Migrants' children will be allowed to sit college entrance exams in Chinese cities where their parents work, lifting a ban caused by household registration.
Northeast China's Heilongjiang and eastern Anhui and Jiangsu provinces will lift the ban next year, local governments confirmed.
Children of migrant workers working in Anhui will be able to take national college entrance exams, or "gaokao," there without having to return to the place where their household registration is held.
They will have equal rights as local exam students, only if they have attended high schools in the province for three consecutive years.
About 2,000 migrant students attend high schools in Anhui, and 300 of them are expected to take gaokao in the province, according to local government statistics.

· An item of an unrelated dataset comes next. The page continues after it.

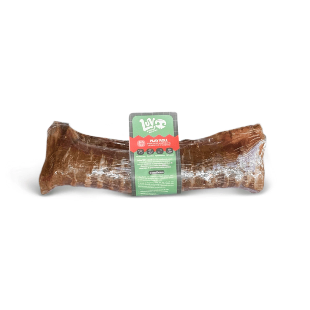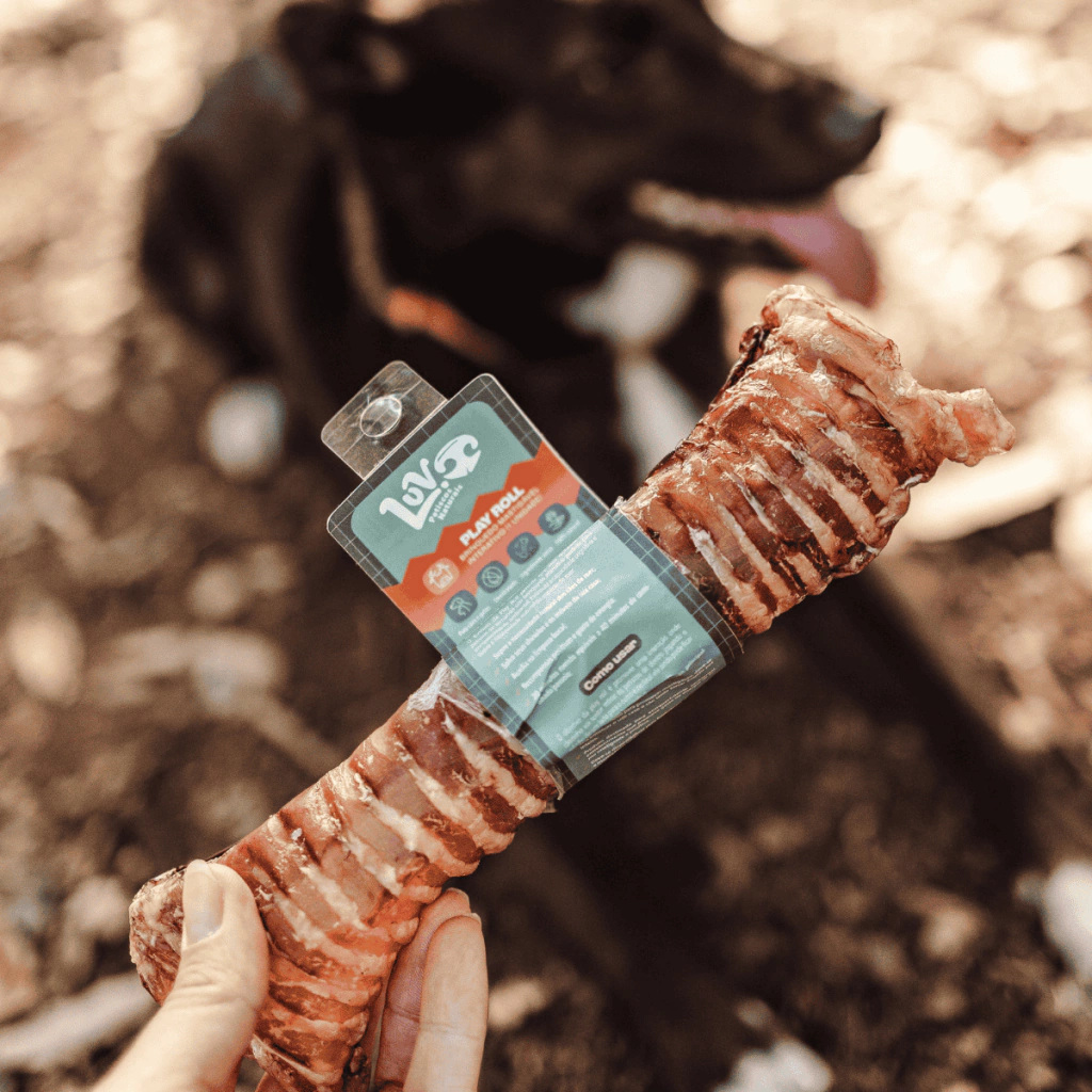 O Play Roll da Luv é um mordedor comestível e 100% natural, composto por traqueia bovina desidratada recheada com pulmão bovino. Com cerca de 20 cm de comprimento e 10g de recheio, promove estímulo físico, mental e sensorial, sendo ideal para cães que amam desafios e novas texturas.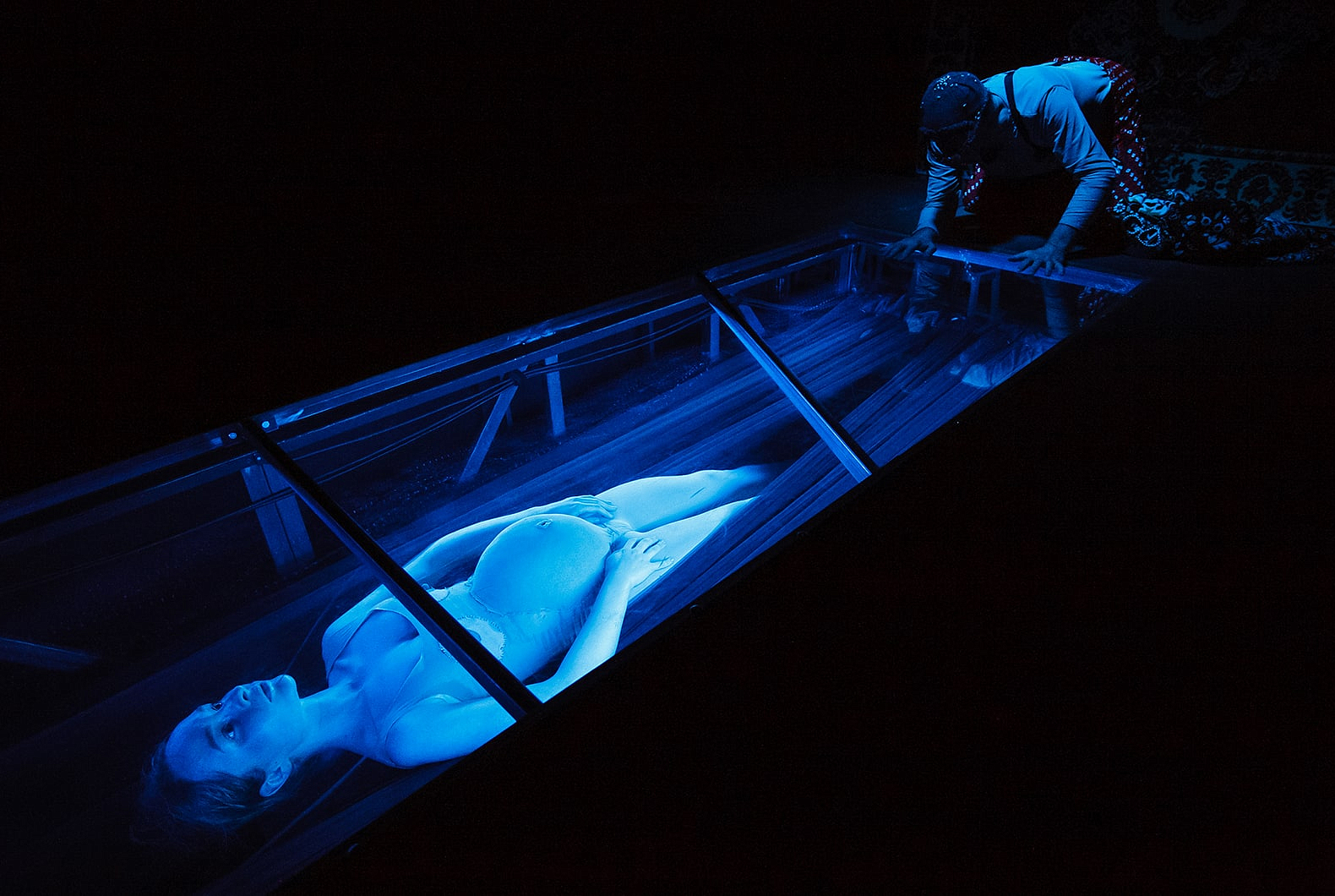 Сразу из фойе зрители попадают за длинный, как принято в деревнях, свадебный стол, куда по-гамлетовски «пойдёт пирог поминный». Но, прежде чем торжество, ради которого мы все здесь собрались, начнется, нам покажут маленькую и хрупкую дочь мельника (Софья Журавлева), поверившую на свою погибель сладким словам возлюбленного Князя (Александр Дулесов). Она даже надела свадебное платье, чтобы прожить с избранником всю жизнь, пройдя рука об руку через все горести и печали. Но свадебное платье предназначено другой, новой, смелой и бойкой, игрушке и выход видится только один — смерть, лишь бы не чувствовать больше боли. Ольга Зайцева тоже играет трагического персонажа — вначале девушка счастлива и горда собой: вот какой видный и популярный жених ей достался. Но ореол грандиозности и великолепия быстро спадает, когда Княгиня понимает, что за человек её муж. Таких, как она, у него пол-города, и за крупицами его внимания очередь слишком большая, не достоять.

East China's Shandong, Fujian and Jiangxi provinces will follow suit in 2014, the Beijing News reported Friday.
Although China's household registration system no longer ties migrant children's compulsory education to their birth places, migrant students are not allowed to take college entrance exams outside of their native homes.
Currently, China has nearly 20 million rural children aged under 14 who have followed their migrant-worker parents to cities, according to the China Children and Teenagers' Fund.
The Chinese mainland's 32 provincial-level authorities were required in August to submit plans on migrants attending gaokao before the end of the year, according to the Ministry of Education.
However, comparing to Anhui and Heilongjiang provinces, the public is expecting concrete moves from megacities such as Beijing, Shanghai and Guangzhou, where a majority of Chinese migrant workers are.
"Governments of big cities will likely set stricter terms and conditions for migrants attending gaokao," Xiong Bingqi, deputy head of the 21st Century Education Research Institute, told Xinhua.
Local parents in megacities are upset and expect fierce competition as more students will be vying for scarce educational resources and the competitive college entrance quota.
Shanghai has not given a clear date for the formation of the plan, but the local government will implement a points-based system. Children of migrants who obtain adequate points will qualify to attend gaokao in Shanghai. Points accumulation includes the number of working years, property and years of social security payments.
Beijing promises to formulate a plan before the end of the year, after migrant workers signed petitions and protested at local educational authorities.
"If Beijing, Shanghai and Guangzhou do not properly settle the issue,the problem cannot be solved nationwide," said Xiong.
Prof. Yuan Zheng of the South China Normal University said the threshold should not be set too high in order to respect and protect the equal rights of the migrant population.
"The demographic bonus created by migrant parents should be reciprocated with the cities' public services. That is an equity of rights and obligations," said Yuan.
Yuan's comments were echoed by Xiong who called for deeper state-level reforms of the college entrance system, in order to close educational gaps between different social groups.
The reform should include a combination of universal enrollment with independent college recruitment, Xiong said.